Extracted data -

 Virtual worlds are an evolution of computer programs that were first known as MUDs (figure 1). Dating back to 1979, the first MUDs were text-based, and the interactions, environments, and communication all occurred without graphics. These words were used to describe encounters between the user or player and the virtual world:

--

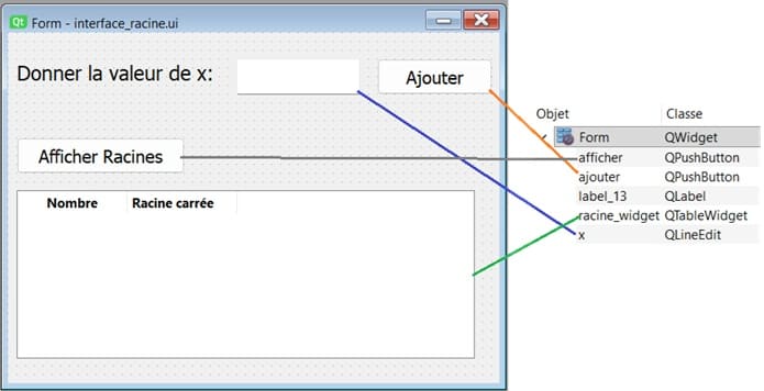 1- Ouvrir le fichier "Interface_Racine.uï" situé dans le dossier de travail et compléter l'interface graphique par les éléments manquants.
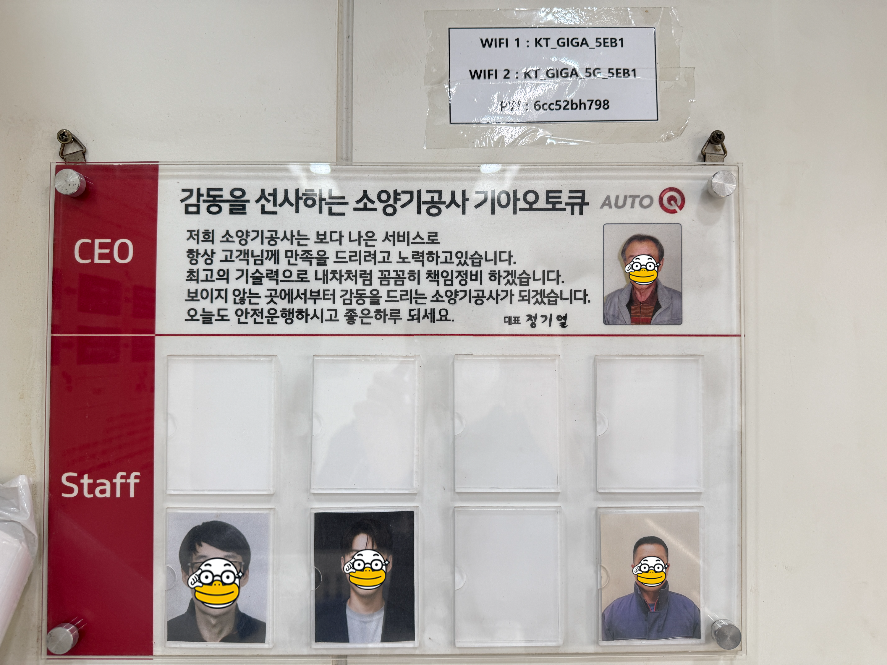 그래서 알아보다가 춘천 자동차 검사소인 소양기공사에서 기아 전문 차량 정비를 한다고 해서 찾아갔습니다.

* * *

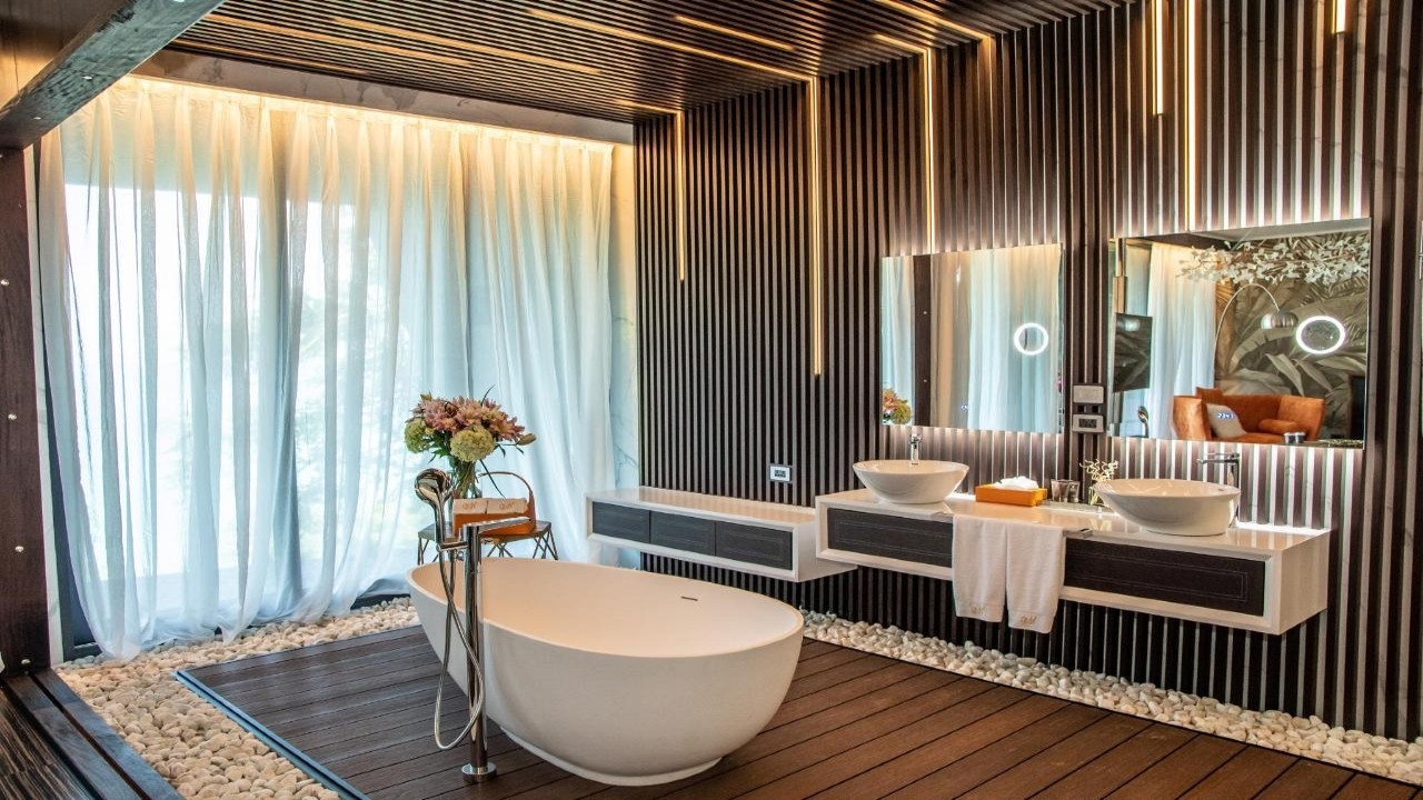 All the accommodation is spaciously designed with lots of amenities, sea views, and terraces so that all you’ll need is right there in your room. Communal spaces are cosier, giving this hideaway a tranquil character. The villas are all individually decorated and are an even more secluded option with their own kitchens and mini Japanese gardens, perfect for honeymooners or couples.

Assignment - Copy out the listing above from the line containing "1- Ouvrir le" to the line containing "그래서 알아보다가 춘천", both included, exactly as written and minus the images.

Exercise answer -
 1- Ouvrir le fichier "Interface_Racine.uï" situé dans le dossier de travail et compléter l'interface graphique par les éléments manquants.
 그래서 알아보다가 춘천 자동차 검사소인 소양기공사에서 기아 전문 차량 정비를 한다고 해서 찾아갔습니다.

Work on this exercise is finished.